JS makes me angry - if statement, & operator

Hi guys!

I have this simple code:

//$UT = parseInt(document.getElementById("XML_type").value);
//$ASZ = document.getElementById("XML_person").value;
$UT = 1;
$ASZ = "0123456789101";

$LE= $ASZ.length;
                             
if(($UT&2 == 2 && $LE != 13) || ($UT&2 != 2 && $LE> 0)){
   msg = "ALERT";
   console.log(msg);
}

Code (markup):

I just simply cant understand what's going on...
If $LE= 13 there is no way to go to the statement. I think i strongly misunderstand something
Help plz!

 

Thanks for your reply!
I got it!

The correct way to put the & operator into '()', as both are logical expressions, and == has the priority over the &. Grrr

//$UT = parseInt(document.getElementById("XML_type").value);
//$ASZ = document.getElementById("XML_person").value;
$UT = 1;
$ASZ = "0123456789101";

$LE= $ASZ.length;

if((($UT&2) == 2 && $LE != 13) || (($UT&2) != 2 && $LE> 0)){
msg = "ALERT";
console.log(msg);
}

Code (markup):

 

Since you're only evaluating binary and, you don't need to == 2 in the first bloody place.
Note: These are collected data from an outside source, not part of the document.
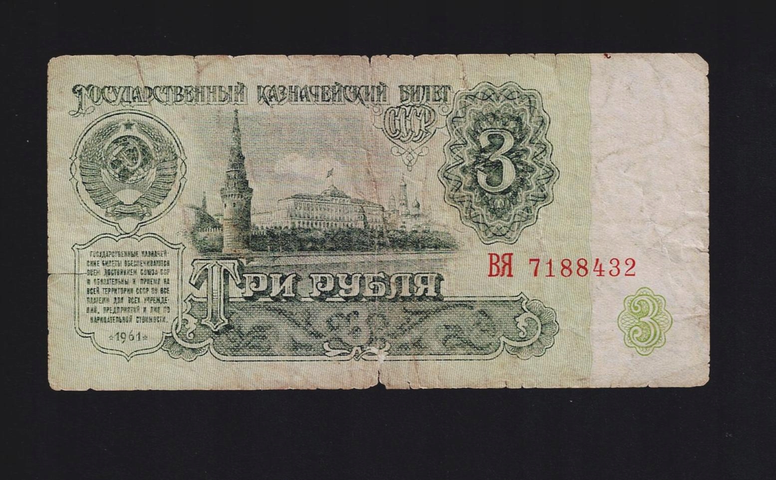 БАНКНОТА РОСІЇ -- 3 рубля -- 1961 р
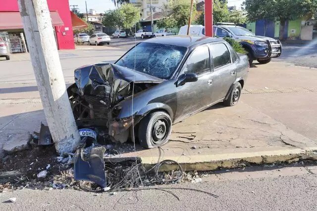 Casal ficou gravemente ferido na manhã deste domingo (16), em acidente na Avenida Afonso Pena com a Rua Terenos, no Bairro Amambai, em Campo Grande. O condutor, de 27 anos, bateu o veículo em um poste de energia.
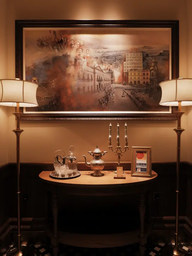 𖤐ˊ˗門口擺放了一套酒杯古董,走廊盡頭是酒櫃,
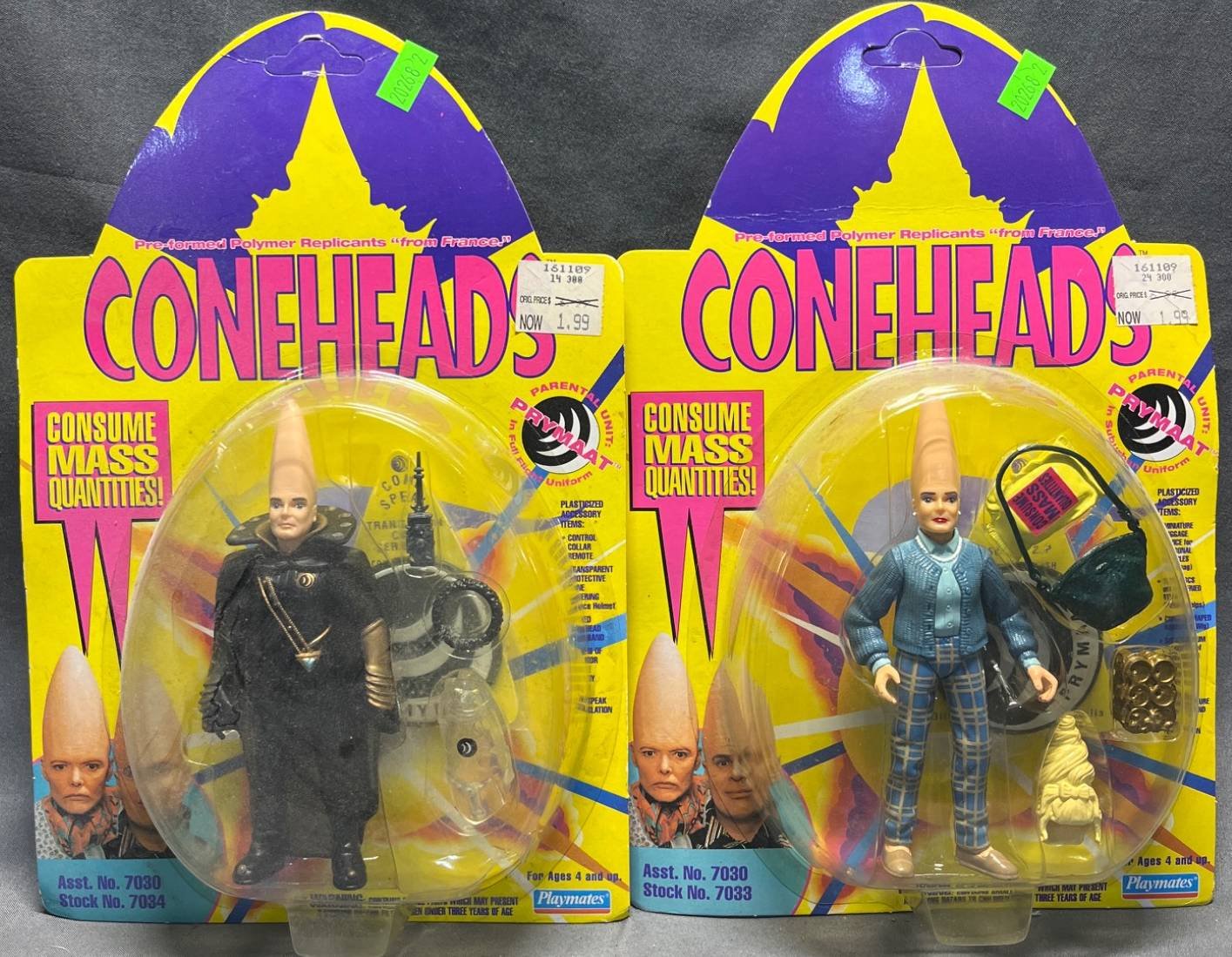 20268 Coneheads Action Figures by Playmates, Assortment Nos. 7039 and 7034 in Original Packaging
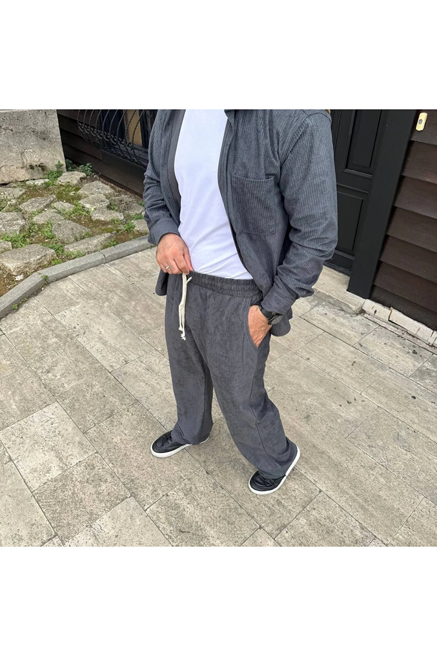 MODA Erkek Fitilli Kadife Cepli Buggy Pantolon Oversize Rahat Kalıp - Füme
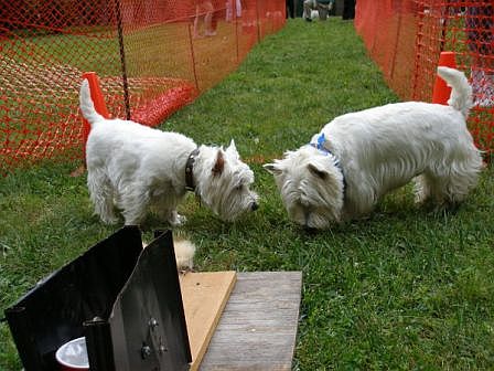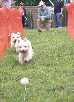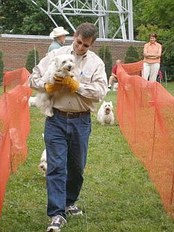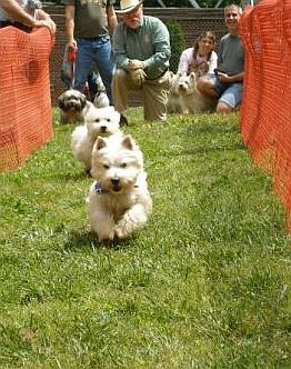 WR's devoted Chief, Stephen DiGiulian, takes a break from the terrier races, where a fur lure entices a pair of Westies to chase! Hundreds of westies each year find new homes with his and his volunteers' efforts! |

You're only checking one binary bit, so it's either going to be 0 or 2. With zero being boolean false, you could simply have written that as:

if (
	(($UT & 2) && $LE != 13) ||
	(!($UT & 2) && $LE > 0)
) {

Code (markup):

Since we have loose boolean, use it. Same as doing a "test" in assembler, jz or jnz.

Also if LE would never be negative, you could ditch the > 0 for just && $LE

Though this isn't PHP, what's with all the dollar sign prefixing?